8.1. Locke’un Bilgi Kuramı
Empirizm olarak da adlandırılan Deneyimciliğe dayalı felsefe anlayışının en tanınmış düşünürü J. Locke’tur. Bu felsefenin merkezindeki kaygı, Descartes'ta olduğu gibi, yalnızca bütün bilgimizi kendisi üzerine inşa edebileceğimiz bir temel bulmak değil, fakat bundan başka bilginin sınırlarını ve ediniliş biçimini ve dolayısıyla da insan aklının yapısı ve işleyişini ortaya koyma uğraşıdır. Bu uğraş doğrultusunda Locke, tüm insanların üzerinde uzlaşıma vardıkları söylenen ve dolayısıyla doğuştan sahip olduğu düşünülen bir ide kavramına karşı çıkar.

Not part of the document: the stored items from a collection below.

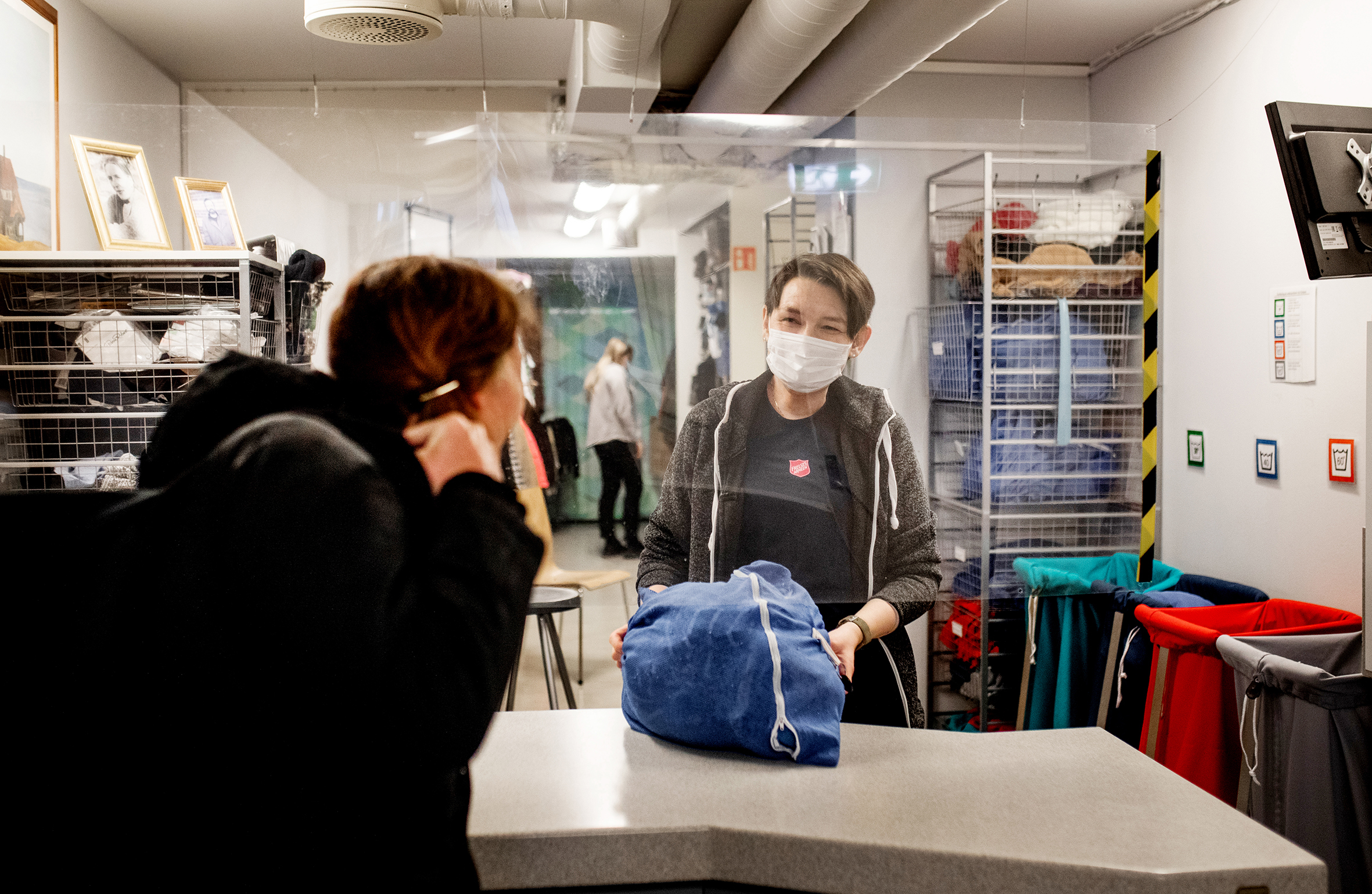 Folk på gata stimer til vaskeriet på Fyrlyset i Oslo. Etter at pandemien satte inn, trenger stadig flere en dusj, en ny ytterjakke eller få levert tøyet sitt til vask.
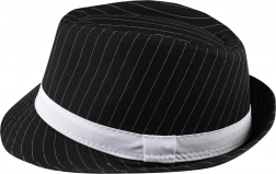 Delikatne białe prążki na czarnym tle nadają kapeluszowi ponadczasowy styl, który łatwo połączysz zarówno z kostiumem, jak i smart casualowym zestawem.
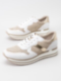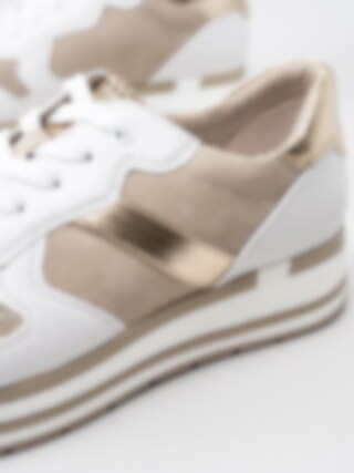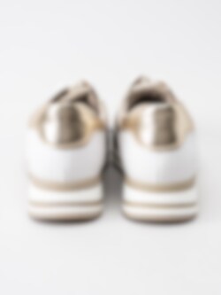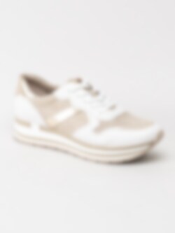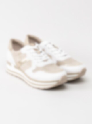 Vita sneakers med platå från Marco Tozzi med beige och guldiga detaljer.

Locke’un bilgi kuramı, her ne kadar tamamen karşıt bir anlayış olarak değerlendiriliyor olsa da, Descartes’ın bilgi kuramıyla ortaklıklar taşımaktadır. Descartes, felsefesini temellendirirken iki nokta üzerinde durur. Öncelikle apaçık olan doğruların tecrübeden değil, deneyimden geldiğini savunur.
 “Doğal olarak Locke, usçuluğu ve özellikle doğuştan bilgiler öğretisini yadsır, ancak Descartes’ın algı ve anlık kuramını hemen hemen olduğu gibi benimser. Algı konusunda karşılaştığı en büyük sorun Descartesçı bir algı kuramının usçuluk dışında, kuşkuculuğa karşı nasıl savunulabileceğidir. Locke bunu kuşkucu uslamlamayı sınırlayarak yapar. (...) ortaya koymaya çalıştığı, Descartes’tan 18. yy’a sarkan dış dünya özdekciliğinin deneycilikle çeliştiğidir.”63
 Locke’un, Descartes’ın ide anlayışına ilişkin getirmiş olduğu eleştiriler, kendisinin ide kavramına ilişkin yaklaşımını şekillendirir ve doğuştan ideler öğretisinin reddi felsefesinde geniş yer tutar.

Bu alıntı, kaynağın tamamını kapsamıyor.